- **Aim of the exercise**:
Only the lines below from the one that holds "On the one hand, Figure" through the one that holds "This Eden Beatrix" should appear in the answer, copied exactly, end lines included and pictures omitted.

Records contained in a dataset

──────────

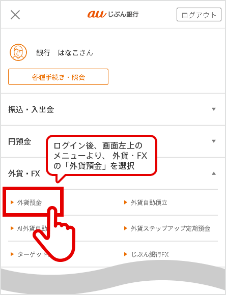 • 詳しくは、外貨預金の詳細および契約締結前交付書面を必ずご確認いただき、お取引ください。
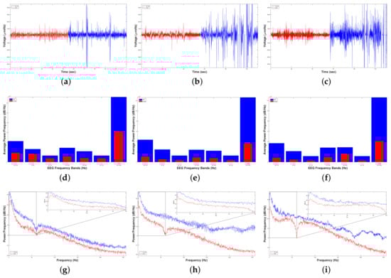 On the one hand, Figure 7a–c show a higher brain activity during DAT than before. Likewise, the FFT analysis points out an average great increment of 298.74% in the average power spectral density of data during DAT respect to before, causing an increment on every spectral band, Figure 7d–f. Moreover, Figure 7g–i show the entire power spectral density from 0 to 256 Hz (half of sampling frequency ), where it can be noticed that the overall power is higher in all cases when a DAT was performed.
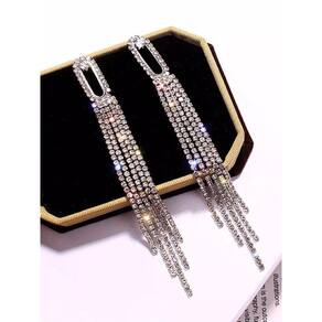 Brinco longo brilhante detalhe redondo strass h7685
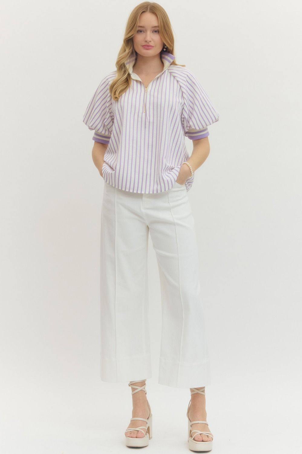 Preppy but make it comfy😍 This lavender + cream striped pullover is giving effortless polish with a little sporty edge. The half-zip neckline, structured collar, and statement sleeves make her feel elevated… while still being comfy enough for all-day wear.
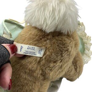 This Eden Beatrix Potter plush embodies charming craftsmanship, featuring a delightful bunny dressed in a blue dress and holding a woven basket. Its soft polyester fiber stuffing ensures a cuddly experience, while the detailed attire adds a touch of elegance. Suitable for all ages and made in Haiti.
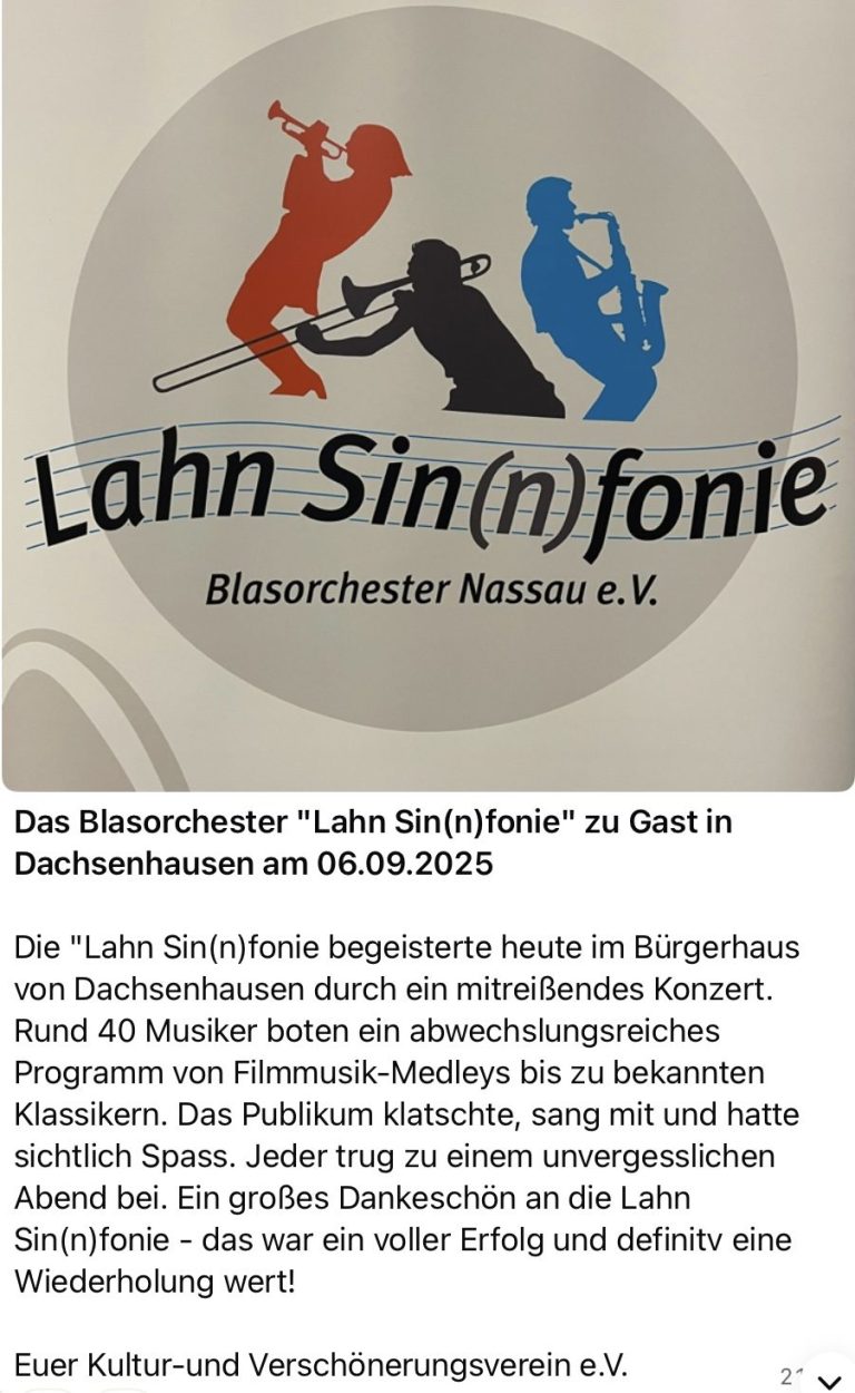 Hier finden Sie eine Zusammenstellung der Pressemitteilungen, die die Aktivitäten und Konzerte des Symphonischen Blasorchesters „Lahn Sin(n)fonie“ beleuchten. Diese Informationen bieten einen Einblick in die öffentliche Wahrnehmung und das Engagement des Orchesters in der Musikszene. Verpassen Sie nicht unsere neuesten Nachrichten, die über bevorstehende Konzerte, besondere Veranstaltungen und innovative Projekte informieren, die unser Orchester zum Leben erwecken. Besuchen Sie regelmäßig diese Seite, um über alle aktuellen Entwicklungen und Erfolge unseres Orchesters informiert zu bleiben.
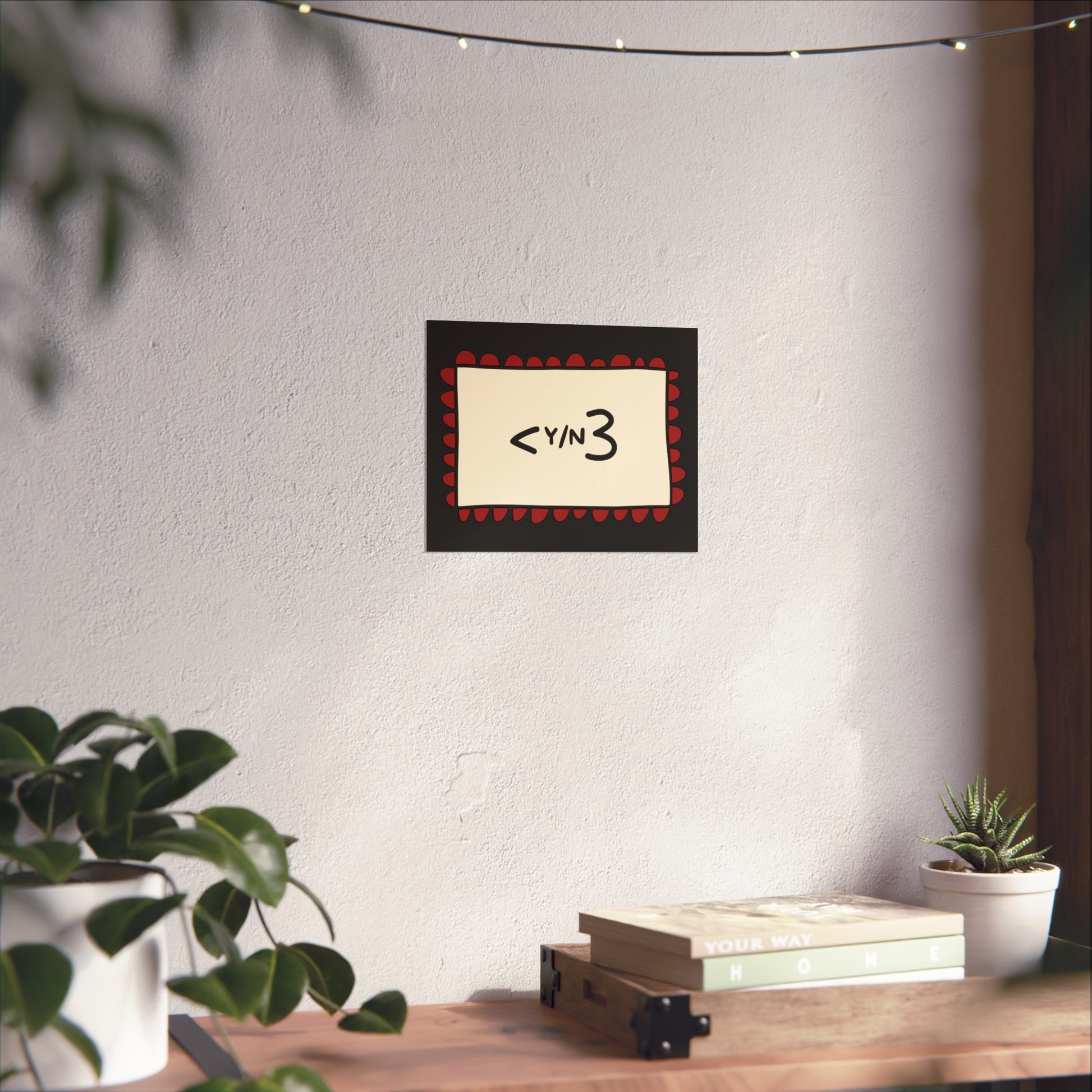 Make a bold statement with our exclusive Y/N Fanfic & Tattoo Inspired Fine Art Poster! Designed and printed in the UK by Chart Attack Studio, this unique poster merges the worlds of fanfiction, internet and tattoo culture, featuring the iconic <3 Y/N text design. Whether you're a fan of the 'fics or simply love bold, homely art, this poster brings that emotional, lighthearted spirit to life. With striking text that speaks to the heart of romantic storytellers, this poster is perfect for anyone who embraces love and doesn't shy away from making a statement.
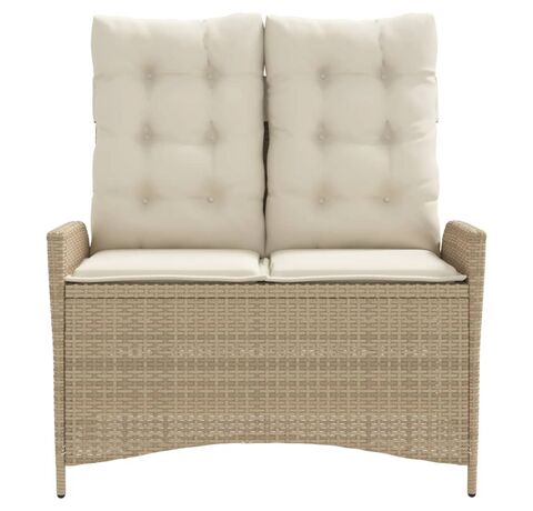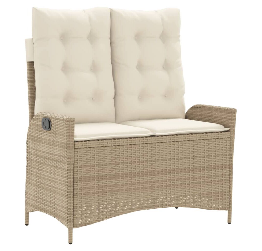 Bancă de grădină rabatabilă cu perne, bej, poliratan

──────────

- **Task solution**:
 On the one hand, Figure 7a–c show a higher brain activity during DAT than before. Likewise, the FFT analysis points out an average great increment of 298.74% in the average power spectral density of data during DAT respect to before, causing an increment on every spectral band, Figure 7d–f. Moreover, Figure 7g–i show the entire power spectral density from 0 to 256 Hz (half of sampling frequency ), where it can be noticed that the overall power is higher in all cases when a DAT was performed.
 Brinco longo brilhante detalhe redondo strass h7685
 Preppy but make it comfy😍 This lavender + cream striped pullover is giving effortless polish with a little sporty edge. The half-zip neckline, structured collar, and statement sleeves make her feel elevated… while still being comfy enough for all-day wear.
 This Eden Beatrix Potter plush embodies charming craftsmanship, featuring a delightful bunny dressed in a blue dress and holding a woven basket. Its soft polyester fiber stuffing ensures a cuddly experience, while the detailed attire adds a touch of elegance. Suitable for all ages and made in Haiti.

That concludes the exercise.